Primary file System storage optimization (that is, to cram more data into the same space) continues to grow in popularity. The challenge here is that duplicate data deletion from primary storage is not without rules. You can't delete this duplicate data, and you can't delete the duplicate data, you have to recognize the impact of the removal of duplicate data on the performance of the device.
EMC has announced the ability to remove duplicate data on its own Celerra platform. NetApp has been using this feature for some time. Other vendors also add this functionality in a positive way by compressing and deleting data after data is not flowing. Then, companies such as Storwize have been providing this functionality in the form of online real-time compression.
As storage virtualization and streamlined configuration have proven, primary storage is better when you don't have to compromise. The problem with imposing some conditions on the primary storage is that things can become more complex. This complexity can lead people to not apply this technology. The more transparent and versatile the technology, the greater the chance of success.

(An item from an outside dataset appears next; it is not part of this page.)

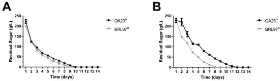 Daily residual sugar levels (g/L ± SEM) of controlled fermentations conducted by different yeast strains (n = 4 per treatment). Fermentations were conducted in the presence of either (A) 0 mg/L SO2 or (B) 50 mg/L SO2. Treatments with different superscript letters indicate significantly different fermentation progressions (2-factor repeated measures ANOVA, α = 0.05).

The challenge with some primary storage optimizations is that it basically depends on the type of data you have and the amount of work you have to access that data. There are some benefits to deleting duplicate data, and it is clear that there must be duplicate data. Therefore, a full backup every week is the ideal application for removing duplicate data. On the other hand, primary storage is not all duplicate data.

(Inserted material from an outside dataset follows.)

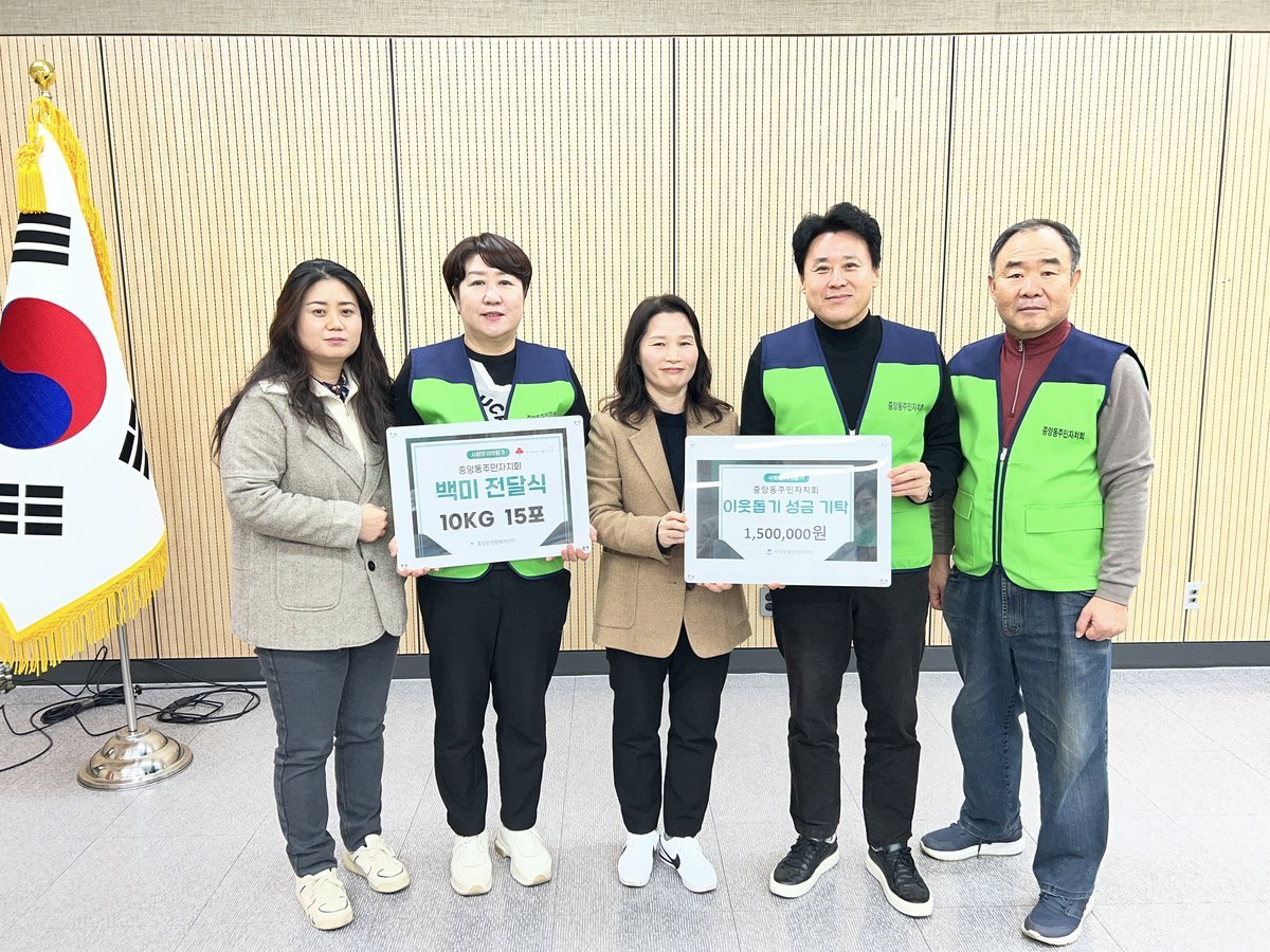 허명경 중앙동장은 “설을 맞아 소외된 이웃을 위해 기부하신 주민자치회장님을 비롯한 주민자치위원님들께 감사드린다”며 “이번 기부된 쌀과 성금은 복지 사각지대에 있는 이웃들에게 소중히 전달하겠다”고 감사를 전했다.

In addition to primary storage, removing duplicate data is associated with heavy input/output tasks and random read/write input and output. In these cases, users may experience the performance impact of applying duplicate data deletions.
As a result, most manufacturers recommend limiting the application of this technology to home directories (directories) and VMware mirroring, where data duplication is highly likely and the workload is mainly read data.
In particular, do not use the ability to delete duplicate data in the database. There are concerns that there is a large amount of duplicate data in the database, and that removing duplicate data can have an impact on performance. As we noted in the Database storage optimization article, reducing Oracle database data, online, and implementing compression solutions may be more appropriate here. Database is the most suitable compression, regardless of whether there is duplication of data, real-time compression in most cases will not have a direct impact on performance.
As data growth continues to accelerate, more data optimization will be required. Using multiple technologies may be the only way to stop this trend. Compression may be widely used. As a complement to the deletion of duplicate data that should be applied to specific workloads, this method of deleting duplicate data should be applied to the archive and not used in primary storage. All of these require tools that can improve staff efficiency and resource efficiency.